▸ Your goal:
Once the line holding "Notre Bar 1812" is found in the entries below, transcribe exactly every line up to and including the one holding "akumulátor: nie|dĺžka prívodného", but leave out the pictures.

▸ Given records:
-------------------------
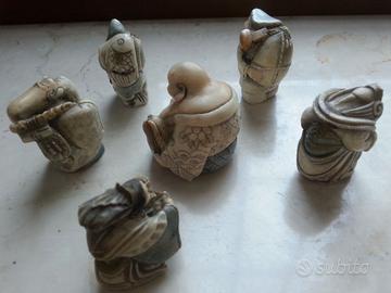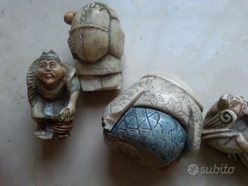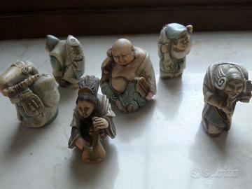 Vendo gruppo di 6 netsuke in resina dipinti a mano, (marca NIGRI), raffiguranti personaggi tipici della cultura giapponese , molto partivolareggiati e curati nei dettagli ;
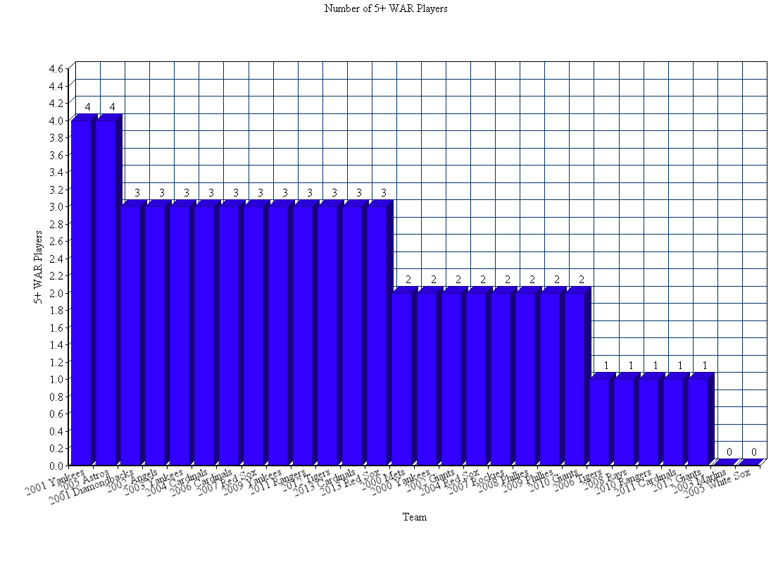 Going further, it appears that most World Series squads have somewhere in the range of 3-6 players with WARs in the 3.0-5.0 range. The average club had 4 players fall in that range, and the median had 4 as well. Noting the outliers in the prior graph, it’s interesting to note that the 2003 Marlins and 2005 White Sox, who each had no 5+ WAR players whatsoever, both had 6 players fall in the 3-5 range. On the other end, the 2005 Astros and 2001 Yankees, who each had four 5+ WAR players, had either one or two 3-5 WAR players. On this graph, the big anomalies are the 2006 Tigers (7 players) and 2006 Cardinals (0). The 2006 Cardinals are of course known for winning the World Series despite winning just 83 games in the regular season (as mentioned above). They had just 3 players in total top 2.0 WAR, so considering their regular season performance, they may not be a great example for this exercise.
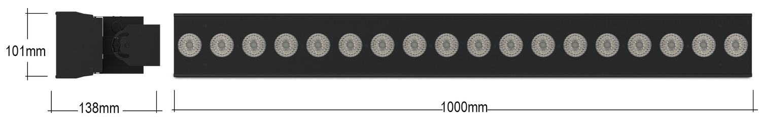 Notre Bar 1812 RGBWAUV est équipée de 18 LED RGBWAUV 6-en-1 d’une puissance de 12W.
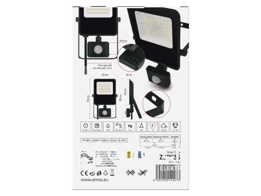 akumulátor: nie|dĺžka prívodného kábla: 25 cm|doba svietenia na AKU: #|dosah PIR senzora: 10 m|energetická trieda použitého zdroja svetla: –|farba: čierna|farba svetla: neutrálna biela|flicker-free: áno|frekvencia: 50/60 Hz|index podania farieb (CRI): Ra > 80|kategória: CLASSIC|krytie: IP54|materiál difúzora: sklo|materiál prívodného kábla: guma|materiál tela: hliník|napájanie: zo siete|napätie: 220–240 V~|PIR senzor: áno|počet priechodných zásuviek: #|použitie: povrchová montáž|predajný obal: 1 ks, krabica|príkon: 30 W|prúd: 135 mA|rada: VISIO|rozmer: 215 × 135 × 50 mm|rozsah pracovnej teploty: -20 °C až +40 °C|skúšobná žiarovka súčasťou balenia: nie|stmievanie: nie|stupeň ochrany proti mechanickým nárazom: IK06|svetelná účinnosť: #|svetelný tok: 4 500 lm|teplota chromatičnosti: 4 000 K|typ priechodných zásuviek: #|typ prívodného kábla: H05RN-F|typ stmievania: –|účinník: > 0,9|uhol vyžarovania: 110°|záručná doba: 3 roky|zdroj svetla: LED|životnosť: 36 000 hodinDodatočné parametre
-------------------------
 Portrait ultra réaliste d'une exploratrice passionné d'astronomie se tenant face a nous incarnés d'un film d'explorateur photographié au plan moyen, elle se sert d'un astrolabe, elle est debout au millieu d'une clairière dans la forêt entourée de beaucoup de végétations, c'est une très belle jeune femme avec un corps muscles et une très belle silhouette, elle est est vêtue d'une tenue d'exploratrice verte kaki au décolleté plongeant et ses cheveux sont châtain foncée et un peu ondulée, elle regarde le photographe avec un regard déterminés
-------------------------
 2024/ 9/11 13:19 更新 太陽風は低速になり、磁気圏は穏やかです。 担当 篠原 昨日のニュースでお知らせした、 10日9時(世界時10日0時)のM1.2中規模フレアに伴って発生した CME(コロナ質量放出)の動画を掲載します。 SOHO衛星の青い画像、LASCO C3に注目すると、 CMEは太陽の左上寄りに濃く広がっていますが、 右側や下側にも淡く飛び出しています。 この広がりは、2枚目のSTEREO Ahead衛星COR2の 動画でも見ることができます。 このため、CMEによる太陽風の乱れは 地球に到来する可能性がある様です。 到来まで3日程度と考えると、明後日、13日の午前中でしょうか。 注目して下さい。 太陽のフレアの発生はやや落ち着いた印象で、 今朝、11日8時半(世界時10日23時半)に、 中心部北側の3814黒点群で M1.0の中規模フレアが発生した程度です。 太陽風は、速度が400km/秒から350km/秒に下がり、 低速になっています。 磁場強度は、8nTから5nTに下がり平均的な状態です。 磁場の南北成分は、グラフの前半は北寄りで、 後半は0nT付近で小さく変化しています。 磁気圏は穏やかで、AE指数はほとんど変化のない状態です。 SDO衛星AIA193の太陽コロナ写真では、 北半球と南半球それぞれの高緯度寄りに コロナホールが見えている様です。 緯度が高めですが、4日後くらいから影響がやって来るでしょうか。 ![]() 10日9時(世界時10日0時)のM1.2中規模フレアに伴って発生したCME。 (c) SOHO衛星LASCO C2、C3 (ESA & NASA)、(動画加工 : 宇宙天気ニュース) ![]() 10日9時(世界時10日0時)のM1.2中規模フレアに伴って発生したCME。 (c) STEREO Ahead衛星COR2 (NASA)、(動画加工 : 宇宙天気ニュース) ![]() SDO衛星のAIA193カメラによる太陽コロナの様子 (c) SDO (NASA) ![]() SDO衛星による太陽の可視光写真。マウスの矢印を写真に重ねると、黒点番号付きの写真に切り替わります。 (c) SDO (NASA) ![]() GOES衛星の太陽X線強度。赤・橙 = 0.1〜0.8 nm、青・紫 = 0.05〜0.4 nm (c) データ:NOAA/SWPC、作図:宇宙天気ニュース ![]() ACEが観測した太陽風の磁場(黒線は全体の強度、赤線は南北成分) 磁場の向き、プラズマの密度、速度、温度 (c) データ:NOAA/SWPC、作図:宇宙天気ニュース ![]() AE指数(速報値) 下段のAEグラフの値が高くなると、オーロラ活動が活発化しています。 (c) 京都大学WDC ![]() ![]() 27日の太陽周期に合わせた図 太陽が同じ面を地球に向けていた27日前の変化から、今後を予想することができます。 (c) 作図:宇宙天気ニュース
-------------------------
▸ Your solution:
 Notre Bar 1812 RGBWAUV est équipée de 18 LED RGBWAUV 6-en-1 d’une puissance de 12W.
 akumulátor: nie|dĺžka prívodného kábla: 25 cm|doba svietenia na AKU: #|dosah PIR senzora: 10 m|energetická trieda použitého zdroja svetla: –|farba: čierna|farba svetla: neutrálna biela|flicker-free: áno|frekvencia: 50/60 Hz|index podania farieb (CRI): Ra > 80|kategória: CLASSIC|krytie: IP54|materiál difúzora: sklo|materiál prívodného kábla: guma|materiál tela: hliník|napájanie: zo siete|napätie: 220–240 V~|PIR senzor: áno|počet priechodných zásuviek: #|použitie: povrchová montáž|predajný obal: 1 ks, krabica|príkon: 30 W|prúd: 135 mA|rada: VISIO|rozmer: 215 × 135 × 50 mm|rozsah pracovnej teploty: -20 °C až +40 °C|skúšobná žiarovka súčasťou balenia: nie|stmievanie: nie|stupeň ochrany proti mechanickým nárazom: IK06|svetelná účinnosť: #|svetelný tok: 4 500 lm|teplota chromatičnosti: 4 000 K|typ priechodných zásuviek: #|typ prívodného kábla: H05RN-F|typ stmievania: –|účinník: > 0,9|uhol vyžarovania: 110°|záručná doba: 3 roky|zdroj svetla: LED|životnosť: 36 000 hodinDodatočné parametre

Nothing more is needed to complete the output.